Disclaimer: ChatGPT generated document.
In computing, batch and coalesce refer to two different concepts used to optimize performance, though theyโre often related in scenarios involving data processing, memory operations, or network requests.
Batching means grouping multiple operations or items together and executing them as a single unit rather than individually.
- Reduces overhead (e.g., fewer function calls, fewer I/O or network roundtrips).
- Improves efficiency and throughput.
- Often processed non-interactively or scheduled.
| Context | Example |
|---|---|
| Database | Insert 100 rows in one query instead of 100 separate queries. |
| GPU processing | Submit a set of draw calls at once. |
| Operating systems | "Batch jobs" that run overnight. |
| Networking | Send data in larger packets rather than multiple small ones. |
| File processing | Batch renaming files. |
To coalesce means to combine adjacent or related elements to avoid fragmentation or inefficiency. It focuses more on merging than grouping operations.
- Reduces fragmentation.
- Lowers the number of operations by merging small ones.
- Often used in memory/numerical contexts.
| Context | Example |
|---|---|
| Memory allocation | Merge adjacent free memory blocks into one large block. |
| Databases | COALESCE(expr1, expr2) โ returns the first non-null value. |
| Network data | Combine multiple small writes into a single packet. |
| File systems | Coalesce small logs into one contiguous write. |
| Multi-threading | Coalescing thread wake-ups to reduce context switches. |
| GPU memory access | Coalesced memory access reduces number of transactions. |
| Aspect | Batch | Coalesce |
|---|---|---|
| Focus | Group tasks | Merge adjacent items |
| Typical use | Operations & processing | Memory/data layout |
| Goal | Efficient execution | Reduced fragmentation |
| Example | Insert N items at once | Merge adjacent free blocks |
They often work together. For example, if you batch multiple network writes, the system might coalesce them into one efficient transfer.

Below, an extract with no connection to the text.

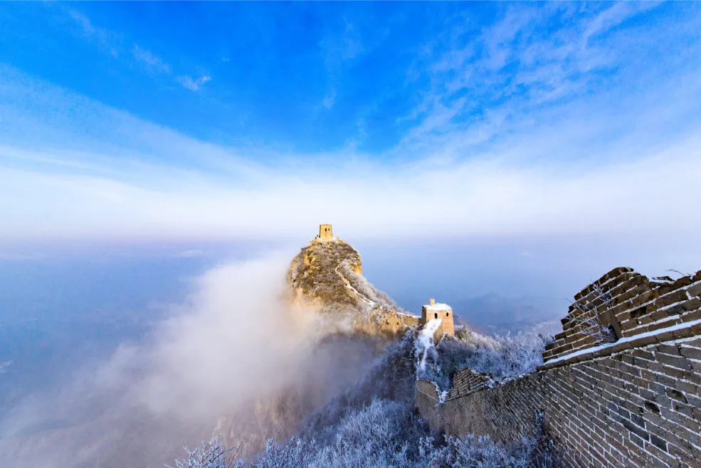 早餐后,我们一起登临【司马台长城】,俯瞰冰雪长城蜿蜒百里,好似龙腾山岳的壮观冬景。这里是唯一保留明代原貌的古长城,整个长城城墙依险峻山势而筑,以奇、特、险著称,保存有完整的20座敌楼,尤其望京楼筑于海拔千米的陡峭峰顶,司马台长城被联合国教科文组织确定为“原始长城”。英国的泰晤士报2012年将司马台长城评为“全球不容错过的25处风景之首”。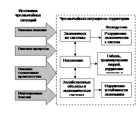 В результате катастрофы, некоторые территории бывают полностью поражены, другие – частично, третьи – слегка, а четвертые вовсе не подвержены разрушениям. ЧС. для человека, экономики и природной среды создаются как за счет деятельности человека в соответствующих средах, так и за счет естественных процессов в этих средах.

Batch: "Instead of sending 10 letters separately, put them all in one envelope."
Coalesce: "Instead of using 3 envelopes glued together, use one big envelope."
- Batch = perform multiple actions together.
- Coalesce = merge items to eliminate fragmentation or inefficiency.
Used properly, both are powerful techniques for optimizing performance in systems, parallel programming, database operations, compilers, and more.
If you'd like, I can expand with examples in:
๐ C++ memory allocators, GPU programming (memory coalescing is especially interesting), or network I/O handling (send() coalescing in TCP). Just let me know!